Thirteenth Step (stylized as ⊥hiЯteenth $tep or 13th Step) is an American psychedelic rock and post-grunge band, formed in 2006 in Valley Station, Louisville. They were signed to Dirty Water Records until 2009; they were also signed to CITYFIDE MUSIC GROUP from 2013 until 2018. They are currently signed with RFlow Rekordz. The band consists of Michael Anthony King - vocals, guitar; Nicholas Brae King - bass, vocals; Jonathan Barnes - drums, percussion. Thirteenth Step have released two studio albums: No More War and Carry On, as well as six studio EPs.

Thirteenth Step was put in the national spotlight when they were flown to Arlington Heights, Illinois to perform for alternative rock musicians Days of the New at Home Bar Chicago in front of a capacity crowd.
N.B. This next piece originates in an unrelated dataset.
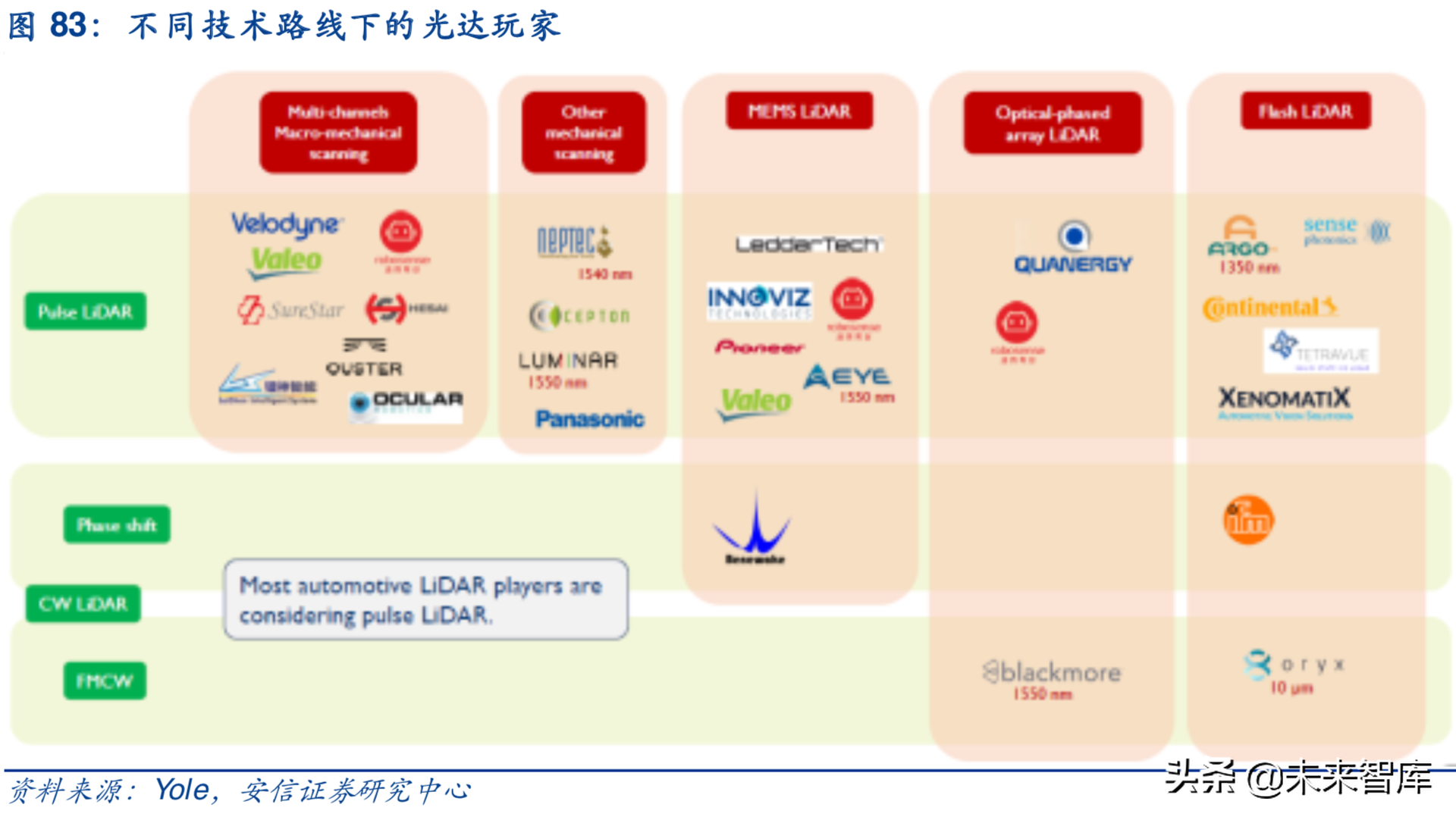 在技术方面,大多数现有产品使用波长在830-940nm之间的激光束进行机械扫描。MEMS扫描仪有望成为汽车LiDAR的下一代发展方向,体积更小,更便宜。Quanergy公司提出了一种源于光纤通信技术的光学相控阵方案,成本低、体积小、安全性高。除此之外,Continental和Xenomatix提出了闪光光达(FlashLiDAR),整个场景同时被照亮而没有移动部件。

That event helped them get endorsements from Gibson Guitars, Ernie Ball Strings and a national distribution deal with Best Buy.

Thirteenth Step tours nationally, having opened up shows for groups including Black Label Society, Suicidal Tendencies, Bad Religion, Black President, Me First and the Gimme Gimmes, NOFX, Filter, We Are the Fallen, Living Sacrifice, Demon Hunter, Dead Kennedys, Social Distortion, Danzig, Eagles of Death Metal, Tenacious D, Mike & The Mechanics, and Days of the New.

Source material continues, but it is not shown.